The ring of integers of a cyclotomic field always has a power basis over $\mathbb{Z}$ . Specifically, the ring of integers of $\mathbb{Q}(\omega_n)$ is $\mathbb{Z}[\omega_n]$ .

Given a primitive $n$ th root of unity $\omega_n$ , its minimal polynomial over $\mathbb{Q}$ is the cyclotomic polynomial $\Phi_n(x)$ . Thus, $[\mathbb{Q}(\omega_n)\!:\!\mathbb{Q}]=\varphi(n)$ , where $\varphi$ denotes the Euler phi function.

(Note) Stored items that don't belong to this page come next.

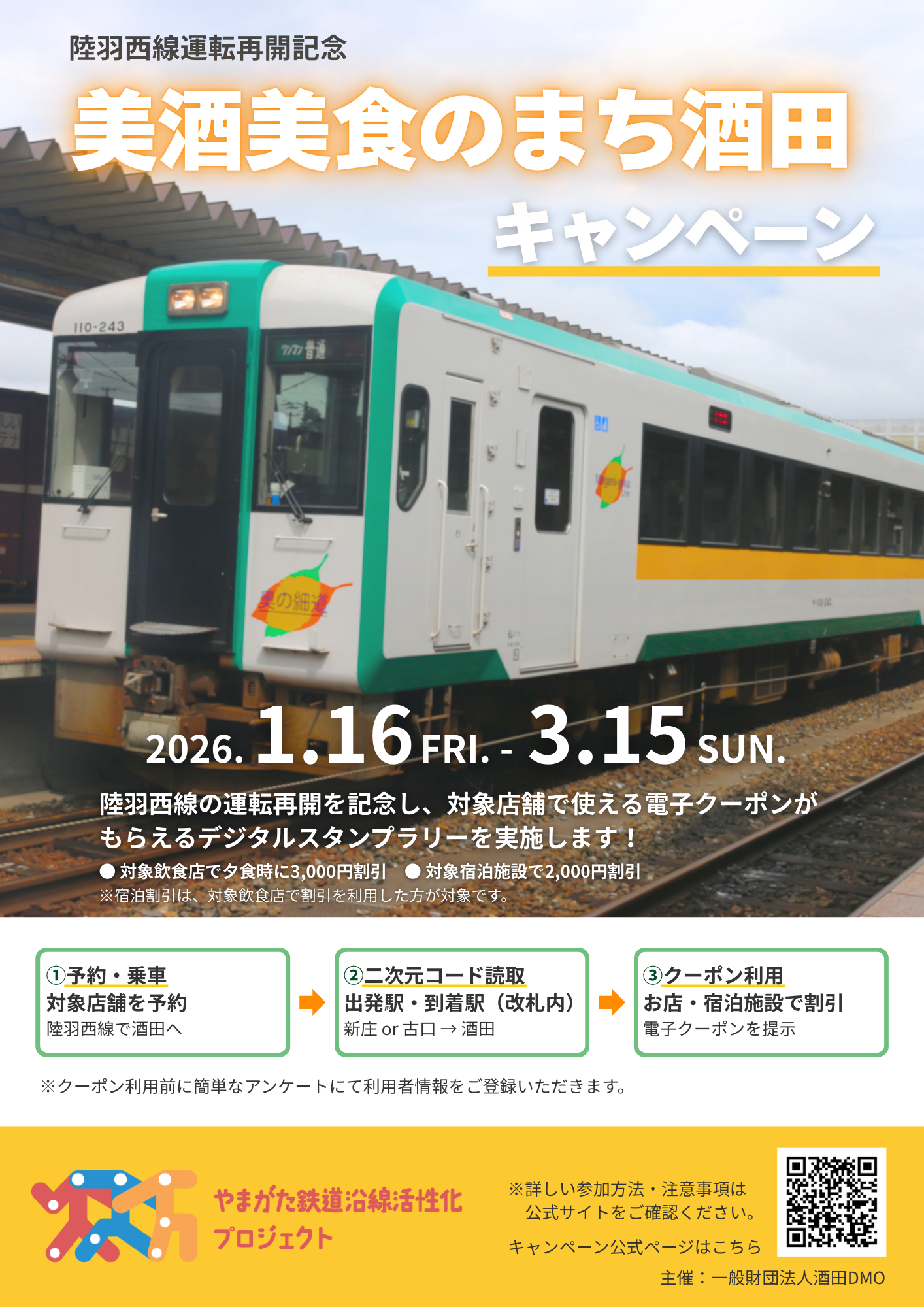 2026年1月16日(金)の陸羽西線運転再開を機に、「陸羽西線運転再開記念 美酒美食のまち酒田キャンペーン」を実施します!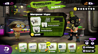 Nouvelle petite mise à jour pour Splatoon qui accueille une nouvelle arme : le Marqueur léger ! Cette arme dispose d'une faible portée et cause peu de dégâts. Toutefois, sa cadence d'encrage en ravira plus d'un, bien qu'elle ne soit pas au maximum ! Vous disposez en arme secondaire de la Bombe gluante et son arme spéciale est le Bombardement de bombes gluantes. Je vous propose quelques images de de cette nouvelle arme ainsi que ma session JeGeekJePLAY dédiée au Marqueur léger au stand de tir...
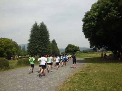 嵐山東公園は支部の予選会場でもあり,また他校の陸上部と一緒に練習するということでさらにやる気が出たのではないでしょうか。

If $n$ is odd, then $\mathbb{Q}(\omega_{2n})=\mathbb{Q}(\omega_n)$ . There are many ways to prove this, but the following is a relatively short proof: Since $\omega_n={\omega_{2n}}^2\in \mathbb{Q}(\omega_{2n})$ , we have that $\mathbb{Q}(\omega_n)\subseteq\mathbb{Q}(\omega_{2n})$ . We also have that $[\mathbb{Q}(\omega_{2n})\!:\!\mathbb{Q}]=\varphi(2n)=\varphi(2)\varphi(n)=\varphi(n)=[\mathbb{Q}(\omega_n)\!:\!\mathbb{Q}]$ . Thus, $[\mathbb{Q}(\omega_{2n})\!:\!\mathbb{Q}(\omega_n)]=1$ . It follows that $\mathbb{Q}(\omega_{2n})=\mathbb{Q}(\omega_n)$ .

Note. If $n$ is a positive integer and $m$ is an integer such that $\gcd(m,n)=1$ , then $\omega_n$ and ${\omega_n}^m$ are primitive $n$ th roots of unity and generate the same cyclotomic field.